The secretion of the pro-inflammatory cytokines IL-6 and TNFα as well as of the anti-inflammatory cytokine IL-10 was quantified after 24 h and 48 h exposure of THP-1 and primary monocytes to C-BNM and LPS (100 ng/mL) as a positive control. There was no significant release of these cytokines after 24 h or 48 h exposure to all C-BNM (results not shown).

4. Discussion

The aim of this study was to evaluate possible proinflammatory and immunomodulatory effects of C-BNM, notably of GP, toxicological data on which are still insufficient. Generally, C-BNM were found to affect complement and all immune cells including macrophages, dendritic cells, lymphocytes, monocytes, neutrophils, eosinophils, NK cells and mast cells.

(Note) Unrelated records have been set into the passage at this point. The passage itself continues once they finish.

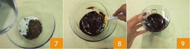 Vierte la nata en el chocolate en dos veces 7, mezclando bien con una espátula hasta que el chocolate esté completamente derretido y tengas una mezcla lisa y brillante 8. Cubre con film transparente y deja reposar en el frigorífico durante 2 horas.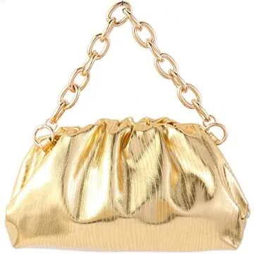 Women Dumpling Crossbody Bag Cloud Evening Bag Sparkly Clutch Purses Drawstring Strap Ruched Shoulder Bag (metal small gold)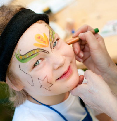 Kindern bieten wir bei örtlichen Veranstaltungen ein kostenloses Kinderschminken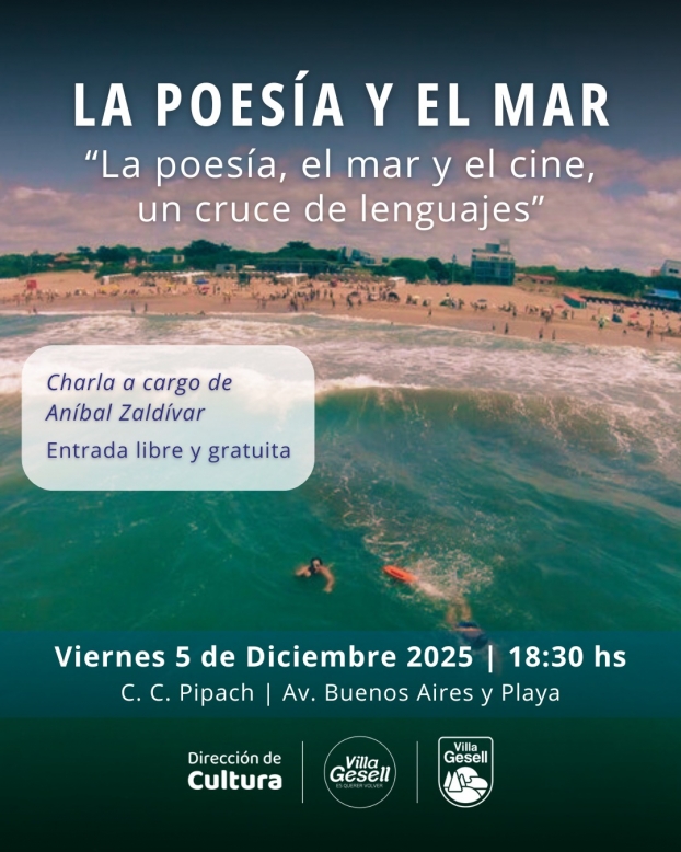El viernes 5 de diciembre, el Centro Cultural Pipach será escenario de una nueva edición del ciclo “La Poesía y el Mar”, que en esta oportunidad ofrecerá la charla “La poesía, el mar y el cine: un cruce de lenguajes”, a cargo de Aníbal Zaldívar.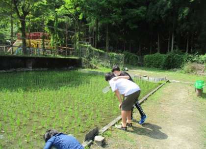 その後,田んぼで大きく成長したオタマジャクシやカエルを見つけて観察していました。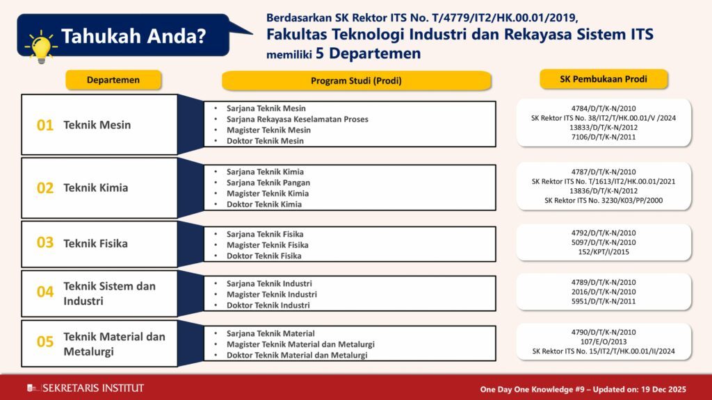 Berdasarkan SK Rektor No. T/4779/IT2/HK.00.01/2019 Fakultas Teknologi Industri dan Rekayasa Sistem ITS memiliki 6 Departemen

There is no wonder that inflammation is among the general side effects observed by toxicologists after application of C-BNM [41]. Acute or chronic inflammation responses are interfering with the normal physiological functions of important organs [42,43]. C-BNM are known to induce either physical or biological damage to the cell membrane, membranes of organelles along with destabilization of actin filaments, the cytoskeleton and effecting the cell cycle [44,45,46]. At the tissue and cellular levels, the mechanisms responsible for inflammation are based on disruption of various barriers (e.g., alveolar–capillary barrier, blood–brain barrier), infiltration of immune cells and their interaction with molecules released from injured cells (disease associated molecular patterns) or with nanoparticles themselves [47]. A recent study demonstrating destabilisation of phospholipid membranes by carbon nanosheets was published recently by [48].
As inflammasomes play a central role in the process of inflammation we used a well-established model on THP-1 and THP1-null cells to study the key mechanism responsible for the adverse effect of C-BNM. In our previous study we demonstrated the effect of 100 nm nanodiamonds on the injury of lysosomal membranes and the release of cathepsin B resulting in activation of inflammasome NLRP3 and release of IL-1β [6]. Therefore, we used a similar model also for testing of various GP and MWCNT. In this study, we used two types of sterile non-oxidized graphene platelets and commercially available MWCNT to determine their proinflammatory potential. We confirmed the ability of C-BNM to penetrate cytoplasmic membranes and, in the case of MWCNT, nuclear membranes, and accumulate inside the cells (Figure 4). We observed direct stimulation of inflammasome NLRP3 by MWCNT through a release of the proinflammatory cytokine IL-1β (Figure 6). Activation of NLRP3 is a complex process which is evoked in the response to infectious stimuli like whole pathogens or individual microbial components (PAMPs), as well as by cellular stress signals represented by sterile DAMPs. In the canonical pathway, two signals precede the oligomerization of NLRP3. In the case of macrophages/THP1-null model, the first one requires the transcription of inflammasome components including pro-caspase-1 and pro-IL-1β. The second one includes the DAMP/PAMP signals, which are sensed by NLR receptors. In the non-canonical pathway, NLRP3 can be activated through endogenous caspases 4 and 5 (caspase 11 in murine macrophages), which specifically binds lipopolysaccharide from Gram-negative bacteria and triggers misbalance of ions and ATP. ATP then works as an autostimulator of NLRP3 assembly. The result of this stimulus is the cleavage of pro-caspase-1, pro- IL-1β, pro-IL-18 and pro-gasdermin D. Gasdermin D (GSDMD) forms pores in the cell membrane, through which mature IL-1 is released. Increased pore formation together with mitochondrial disbalance may lead to failure of cell homeostasis and, subsequently, to cell death by pyroptosis followed by the leakage of intracellular content, such as LDH [49,50].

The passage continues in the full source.